There are now apparently ample quantities of bonds for global buyers. With inflation dynamics pointing to rising general price levels, “risk free” sovereign bonds are no longer the securities of choice. Importantly, ongoing QE has ensured that markets have become only more over-liquefied. These days, however, it’s much more a case of “too much ‘money’ chasing too few equities and corporate debt instruments”

Highly speculative sovereign debt markets dislocated back in 2016. It was the type of speculative blow-off and derivative-related melt-up that previously would have ended in tears (along with bloody havoc). So far, ongoing QE and near-zero rates have ensured a most orderly of major market reversals. At the same time, the monetary backdrop has guaranteed that speculative melt-up dynamics have turned their sights on equities, corporate debt and EM. Global markets are today being dictated by extraordinary monetary and speculative dynamics. Trump policies proclamations provide convenient market justification and rationalization.

It is a prevailing 2017 theme that global markets are extraordinarily vulnerable to an unexpected change in the monetary backdrop. Count me just as skeptical of the current equities surge as I was of last year’s surging bond markets. In my mind, the 2017 bull story for equities is as dubious as last year’s deflation histrionics - rationalization for a surge in bond prices driven more by a powerful global market dislocation than underlying fundamentals.

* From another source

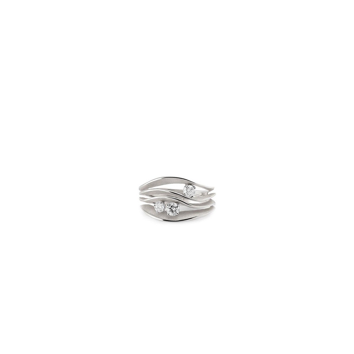 Ring Essential Dune Precious Collection with four bands in white gold palladium 750 ‰ polished and satin with three natural diamonds - GAN2681W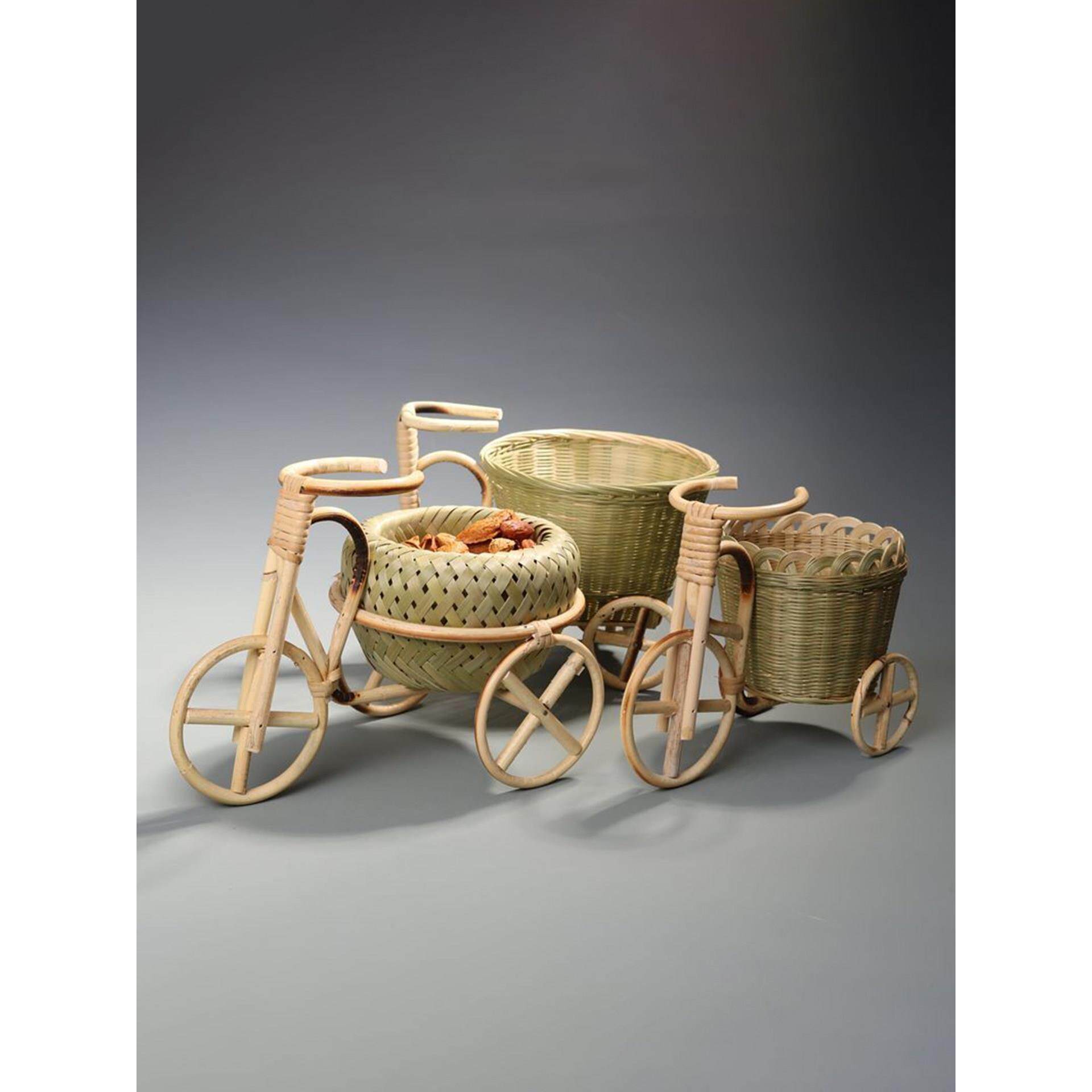 📚 三轮竹编篮小汽车竹篮工艺品编织篮水果车道具竹筐竹编果盘摆件

I’m not necessarily arguing that we’ve commenced a sustainable surge in consumer price inflation. An accident in China, Europe or Japan (to name only the most obvious), and the world could sink right back into the disinflationary muck. At least in the short-term, the upward momentum in inflationary pressures could be enough to sway central bank decision making. So long as CPI trends were pointing downward, it was easy to rationalize the positive case for QE. CPI pointing upward around the globe just might have central bankers thinking twice about QE infinity. For a number of years now, market operators have slept soundly at night knowing any meaningful “Risk Off” (de-risking/de-leveraging) would be countered with another batch of QE.

Yellen took on a relatively more hawkish tone this week. The March 15 FOMC meeting is now in play for a rate rise, while an increasing number of analysts are now forecasting three increases during 2017. The ECB will clearly face heightened pressure to wind down QE. And even BOJ chief Kuroda this week made uncharacteristically cautious comments with respect to the risks of monetary stimulus. But in the short-term, I’ll look to Beijing for perhaps the most intriguing monetary developments. There is support for the view that recent equity gains have been fueled by market dislocation dynamics, the type of advance that would leave risk assets especially vulnerable to a changing monetary backdrop.

February 16 – Wall Street Journal (Chris Dieterich and Gunjan Banerji): “It is the buzz of Wall Street: a five-day, 15% plunge in a U.S. mutual fund whose bearish bets were undone by the S&P 500’s latest run to fresh records. The decline of Catalyst Hedged Futures Strategy fund, a $3.4 billion fund employing complex derivatives, is topic du jour on trading desks fixated on the surprising resilience of the postelection U.S. stock rally and the long decline of volatility, or price swings. Many investors have been surprised by the S&P 500’s 9.7% run-up following the Nov. 8 election… The Catalyst fund typically uses options positions in a configuration that seeks to maximize gains from stable or gently rising markets, or else shield investors from sudden declines.”